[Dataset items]
== == ==

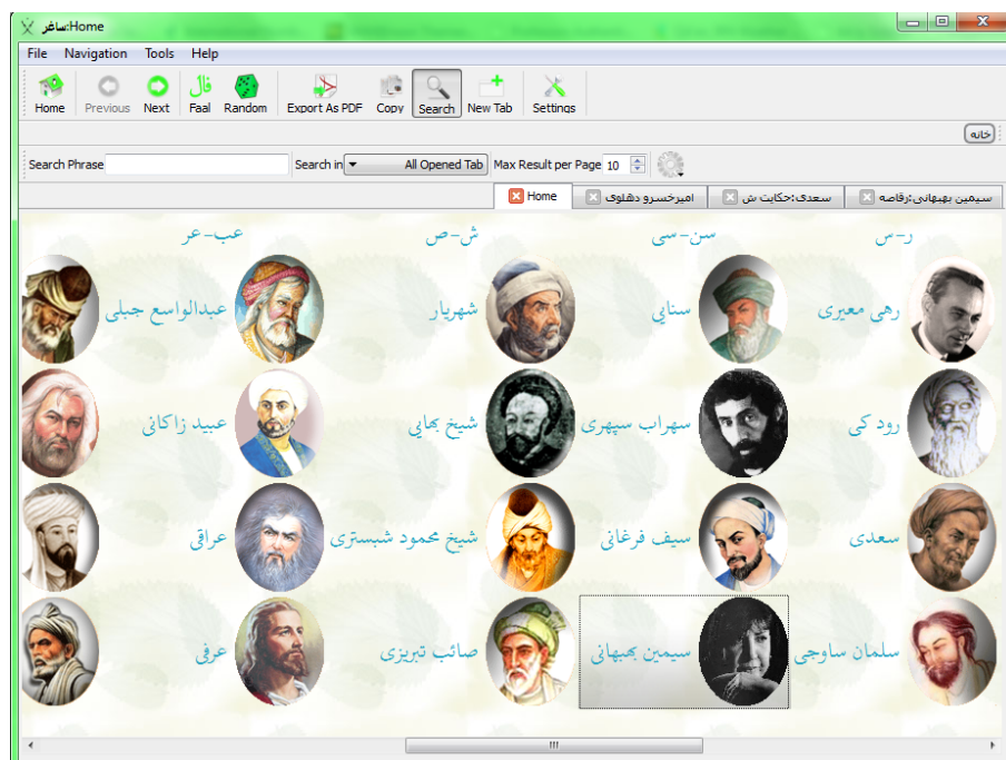
شکل ۱.۲: صفحه خانه به سبک جدید

(شکل ۱.۲) که البته تغییرات این صفحه مختص این نسخه نیست و در نسخه آتی نیز این صفحه دچار تغییراتی خواهد شد. تنظیم مربوط به صفحه خانه در پنجره تنظیمات قرار دارد،
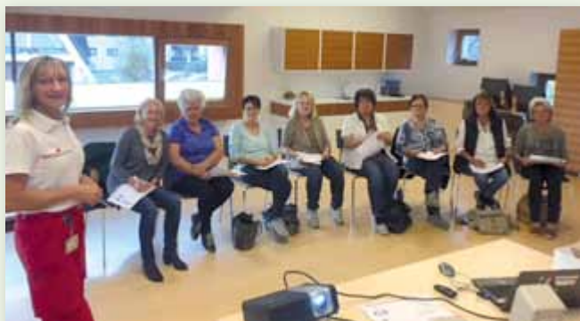
Die Damen des Gemeindehilfsvereins bilden sich laufend weiter, wie hier beim Erste Hilfe Kurs im Gemeindezentrum Weißenbach.

Der gemeinnützig geführte Verein besteht seit nunmehr 20 Jahren und fokussiert sich in seiner Arbeit in erster Linie darauf, ältere Menschen in der Bewältigung ihrer alltäglichen Arbeiten zu unterstützen.
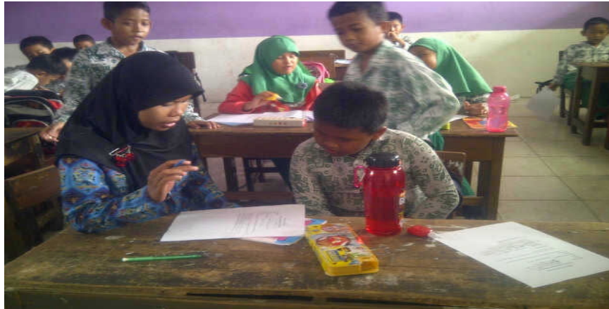
Peneliti sedang mengadakan wawancara dengan MZ pada hari Selasa, 14 Oktober 2014 di MIS Muslimat NU Palangka Raya
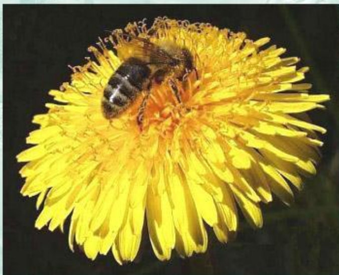
Один из примеров протокооперации - пчела, опыляющая цветок.

В природе встречается сожительство двух или более видов, при котором организмы-партнеры (или один из них) получают выгоду. Такой тип межвидовых взаимоотношений называется взаимопользными отношениями. Различают несколько форм такого сожительства живых организмов.
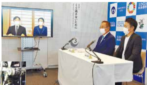
▲東日本大震災津波伝承館で両陛下と懇談しました
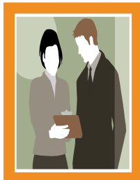
Uitvoerend bestuurders (vrijwillig, ouders)
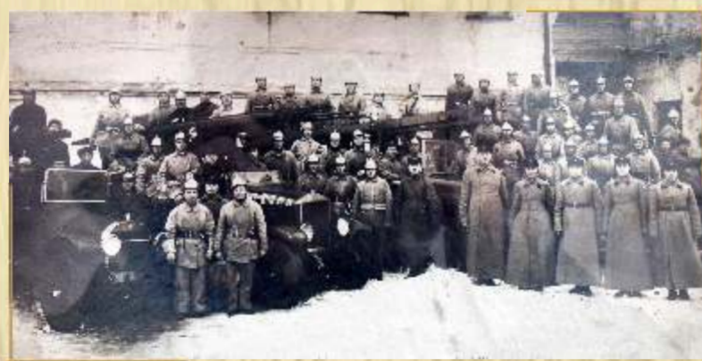
Калужская первая пожарная часть (1923г.)

Интересны с точки зрения пожарной безопасности требования Обязательного постановления №42 «О порядке распланирования и застройки селений в Калужской губернии». За их неисполнение, повлекшее тяжелые последствия, устанавливалась Уголовная ответственность. Были разработаны правила застройки селений, где предусматривалось обязательное деление на кварталы длиной не более 240 метров. Переулки между кварталами застраивать запрещалось, ширина их должна была быть не менее 12м80см. Ширина улиц «между лицевыми границами усадебных участков» должна была составлять не менее 25 метров и состоять из дороги (15м) и зеленых насаждений по обе стороны (5м30см) Если условия не позволяли уложиться в данные размеры, то строительство осуществлялось с одной стороны. Здания общественного назначения строились на более свободных площадях. Так школьная усадьба составляла 1га, больнице предоставлялось 3га. В селениях, где было не менее 100 усадеб обязательно должно было предусматриваться место для базаров, площадей, которые бы имели два противоположные выезда. Улицы, переулки, площади в селениях планировались с продольными и поперечными уклонами, окапывались канавами, обсаживались деревьями лиственных пород. Сами же улицы требовалось замостить, шоссировать, засыпать гравием или хрящом.
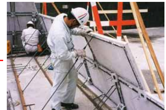
残存型枠施工状況写真
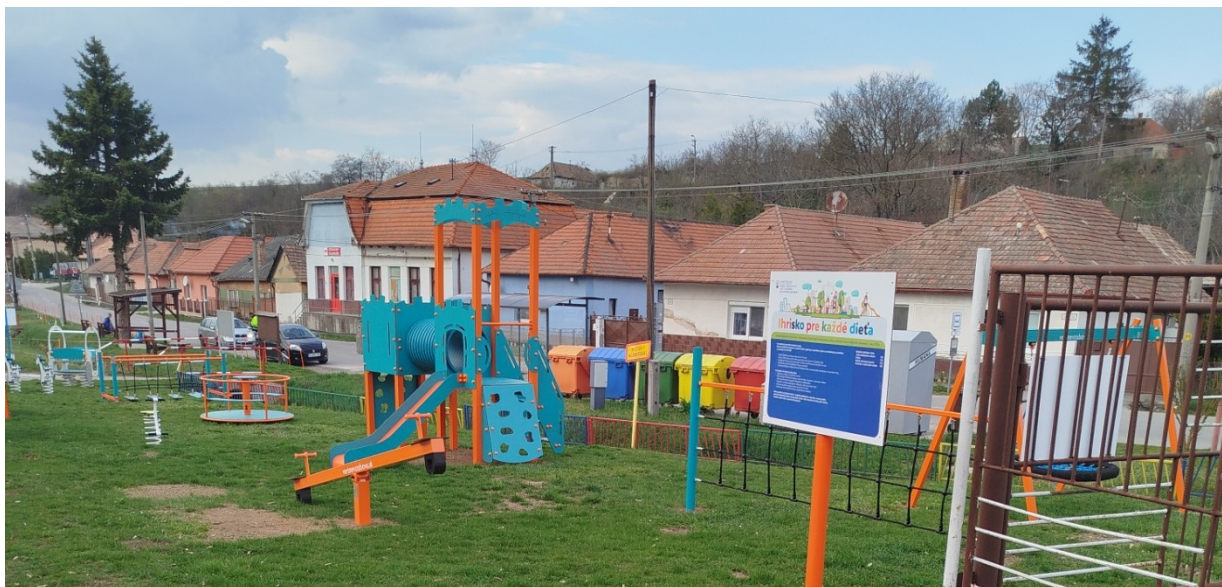
Obrázok 1: Detské ihrisko pri MŠ

V roku 2024 bolo novo postavené detské ihrisko pri budove materskej školy. Dotáciu na projekt poskytlo Ministerstvo práce, sociálnych vecí a rodiny SR vo výške =27500€. Obec sa na financovaní podieľala spoluúčasťou =3500,-€. Detské ihrisko bolo uvedené do používania v roku 2025.

== == ==

■ Prompt ■
Which lines above hold the string "ihrisko"? Copy each of them.

■ Output for this task ■
Obrázok 1: Detské ihrisko pri MŠ
V roku 2024 bolo novo postavené detské ihrisko pri budove materskej školy. Dotáciu na projekt poskytlo Ministerstvo práce, sociálnych vecí a rodiny SR vo výške =27500€. Obec sa na financovaní podieľala spoluúčasťou =3500,-€. Detské ihrisko bolo uvedené do používania v roku 2025.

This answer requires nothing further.